Current ratio, Long term Debt/Capital, Operating margin and asset turnover have all negative coeficients. Thus,
higher levels of all these ratios lead to lower probability of an investable rating, especially in the case of operating margin.
y_pred = logreg.predict(X_test)
print('Accuracy of logistic regression classifier on test set: {:.2f}'.format(logreg.score(X_test, y_test)))
Accuracy of logistic regression classifier on test set: 0.79
Confusion matrix
from sklearn.metrics import confusion_matrix
confusion_matrix = confusion_matrix(y_test, y_pred)
print(confusion_matrix)
[[ 85 32] [ 17 100]]
This result sugests that 85+100 are correct predictions and 17+32 are incorrect predictions.
print(classification_report(y_test, y_pred))
To quote from Scikit Learn:
The precision is the ratio tp / (tp + fp) where tp is the number of true positives and fp the number of false positives. The precision is intuitively the ability of the classifier to not label a sample as positive if it is negative. Therefore, 80% of prediction were correct.
The recall is the ratio tp / (tp + fn) where tp is the number of true positives and fn the number of false negatives. The recall is intuitively the ability of the classifier to find all the positive samples. Thus, 79% of the investable rating were correctly identified.

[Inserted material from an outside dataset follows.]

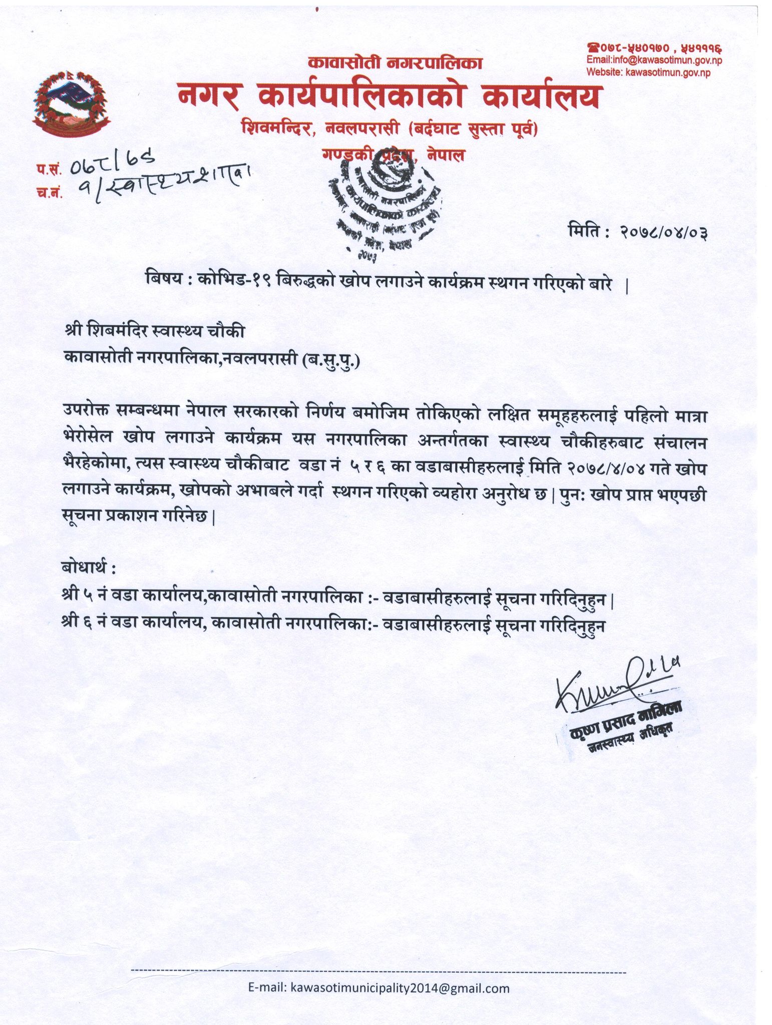कावासोतीमा प्राप्त करिब ५ हजार खोप ३ दिनमै सकिएकोले भोलि कावासोती ४ र ५ मा लगाउने भनिएको खोप तत्कालका लागि स्थगित गरिएको र अर्को खोप प्राप्त हुन साथ लगाइने स्वास्थ्य शाखा कावासोतीले जनाएको छ ।

The F-beta score can be interpreted as a weighted harmonic mean of the precision and recall, where an F-beta score reaches its best value at 1 and worst score at 0. Therefore, 79% of the positive prediction were correct.
The F-beta score weights the recall more than the precision by a factor of beta. beta = 1.0 means recall and precision are equally important.

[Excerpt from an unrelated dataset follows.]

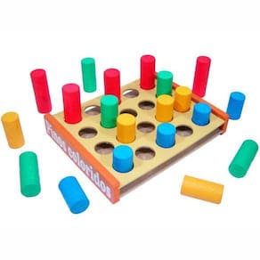 Pinos Coloridos - Planeta Brinquedos Composto por 1 base com 20 pinos coloridos de tamanhos diferentes, tudo fabricado em madeira, pintado com cores vivas e tintas atóxicas. Trabalha a numeração, coordenação viso-motora, cores e tamanhos, quantidade, formas e a memorização. Devido a origem do produto ser artesanal podem ocorrer variações nas cores de acordo com o estoque do produto. Excelente acabamento. Idade: a partir de 3 anos. Certificação Inmetro: CE-BRI/ICEPEX-N 00174-82 NM300/2002.

The support is the number of occurrences of each class in y_test.
ROC
The ROC curve is another common tool used for this type of models. The dotted line represents the ROC curve of a purely random classifier; a good classifier stays as far away from that line as possible (toward the top-left corner).
Conclusion
Ebit margin, net profit margin, ROI, Free CF per share, current ratio, Long term Debt/Capital, Operating margin and asset turnover are all significant and determinants for the probability of having an investable rating.
Ebit margin, net profit margin, ROI and Free CF per share increses the probability of having an investable rating.
Current ratio, Long term Debt/Capital, Operating margin and asset turnover lower the probability of having an investable rating.
79% of the investable ratings were correct by the model.